Examples of ϕ/ψ distributions derived for several α–synuclein residues: (A) A19; (B) N65, (C) Y133; (D) Q134. For each residue, the populations are shown when using chemical shift values (15N, 13Cα, and 13C′) only (upper panels) and when using all available 12 parameters (3JHNHα, 3JC′C′, 3JC′Hα, 1JCαHα, 2JNCα, 1JNCα, δ15N, δ13Cα, δ13C′, dHNHα(i,i), dHαHN (i−1,i) and dHNHN (i,i+1)) per residue (middle panels). θ =0.4 was used for the distributions shown, with all σ(q) values set to their default (Table 1, IDP) values and using a diffusion anisotropy parameter k=1.0. The plots of χ2 versus S (lower panels) are displayed for θ values of (left to right) 0, 0.1, 0.2, 0.4, 0.8, 1.6, 3, 6, and 10, showing that on average slightly lower χ2 values and higher S values are obtained when using the new coil database (red symbols) than when using the Fitzkee coil library (black) when fitting all 12 experimental parameters for each residue. Blue dots in the lower panel correspond to the S and χ2 values obtained when using only chemical shift data as restraint inputs. The horizontal error bars in the lower panels reflect the lack of convergence of the simulated annealing protocol for very low θ values.
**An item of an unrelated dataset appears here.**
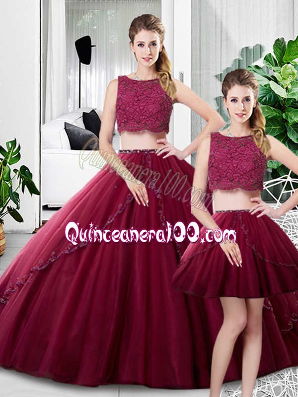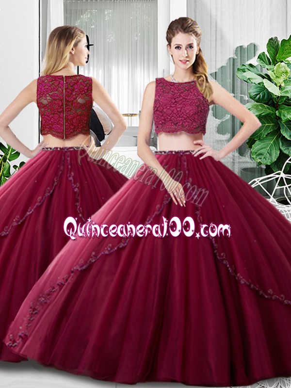 Neckline : ScoopShown Color : FuchsiaSilhouette : Three PiecesSleeve Length : sleevelessHemline : floor lengthBack Detail : ZipperFabric : TulleEmbellishment : Lace,RuchingOccasion : Military Ball,Sweet 16,QuinceaneraSeason : Spring,Summer,Fall,Winter

Remarkably, when all 12 experimental input parameters are used for each residue, the normalized χ2 values remain low, but more “reasonable” deviations from the coil distributions are observed (center panels in Fig. 4). For example, the αL population for Q134 virtually disappears, and A19 converges on the αR and PPII regions, as expected for an Ala preceded by two other Ala residues. For all four residues, the backbone angles are much closer to the coil database distribution than for the above GB3 examples. This result is also reflected in Kullback-Leibler divergences (−S) in the 0.1–0.5 range, versus 0.5–1.5 for the GB3 residues.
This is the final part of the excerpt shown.